Dr Gizem Korpeoglu is a postdoctoral fellow at UCL School of Management. She received her PhD in Economics from Tepper School of Business at Carnegie Mellon University in 2015. She also holds an MS degree in Economics from Tepper School of Business at Carnegie Mellon University (2012). She received her BS degree from Middle Eastern Technical University in 2008.

Research Summary

Dr Korpeoglu is an applied theorist who studies operational decisions in the presence of market effects in areas such as supply chain management, innovation management, and innovative business models. During her PhD studies, she has studied market models in different contexts such as matching markets where she has applied mechanism design without money, dynamic competitive markets where she has utilized overlapping generations framework, and imperfectly competitive markets where she has utilized a Shapley-Shubik market-game framework. In these studies, she has employed game theory and general equilibrium theory. Currently, she utilizes her experience and expertise in such economic models to analyze a diverse set of operational problems.

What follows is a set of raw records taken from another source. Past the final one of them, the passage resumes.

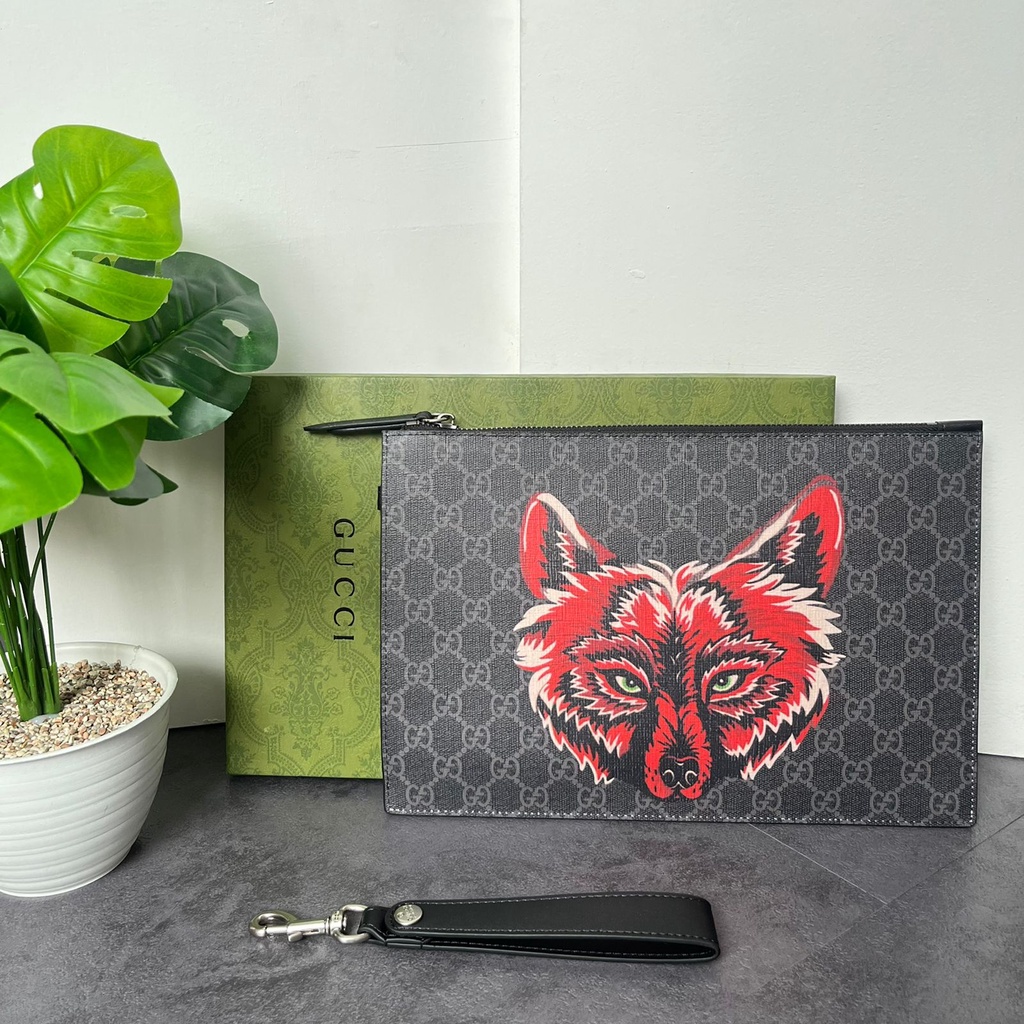 Gucci limited edition supreme clutch with wolf Very well made.
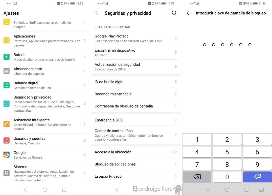Lo bueno es que siempre vas a poder cambiarlo, en caso de que uno de estos métodos no te termine de resultar cómodo. Todos ellos se encuentran en el mismo apartado. Para poder establecer un PIN o la huella dactilar como método de desbloqueo, los pasos a seguir son:
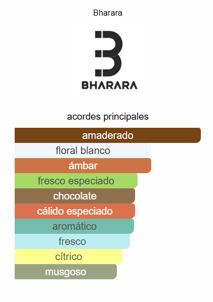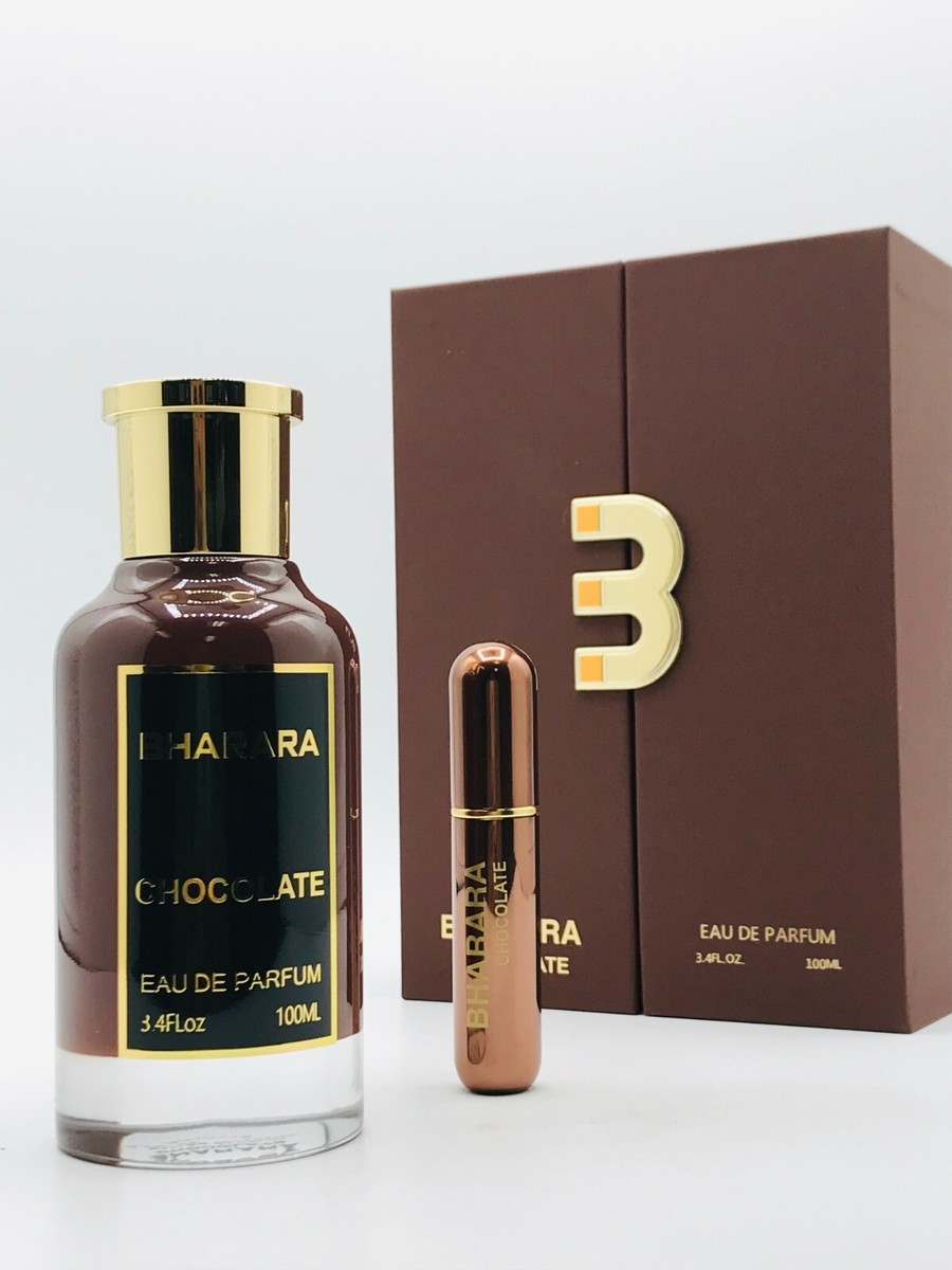 Bharara Chocolate es una fragancia de la familia olfativa Oriental Gourmand para Hombres. Las Notas de Salida son naranja y cardamomo; las Notas de Corazón son chocolate, canela y jazmín; las Notas de Fondo son vainilla, sándalo y ámbar.

Dr Korpeoglu considers market effects in different operational contexts. In the context of supply chain management, she studies supply chain competition by factoring in the market between multiple suppliers and multiple retailers. In the context of innovation management, she studies crowdsourcing contests where she factors in the market between a seeker and a group of solvers who can generate innovative solutions to the seeker's problem, and the seeker pays solvers in the form of awards given to the best solutions. In the context of innovative business models, she studies the decisions of innovative online platforms factoring in the market effects. For instance, she studies operational issues in sharing economy where a service provider (e.g., a platform such as Uber) has to factor in the two-sided markets between itself and its customers as well as its servers (e.g., Uber drivers).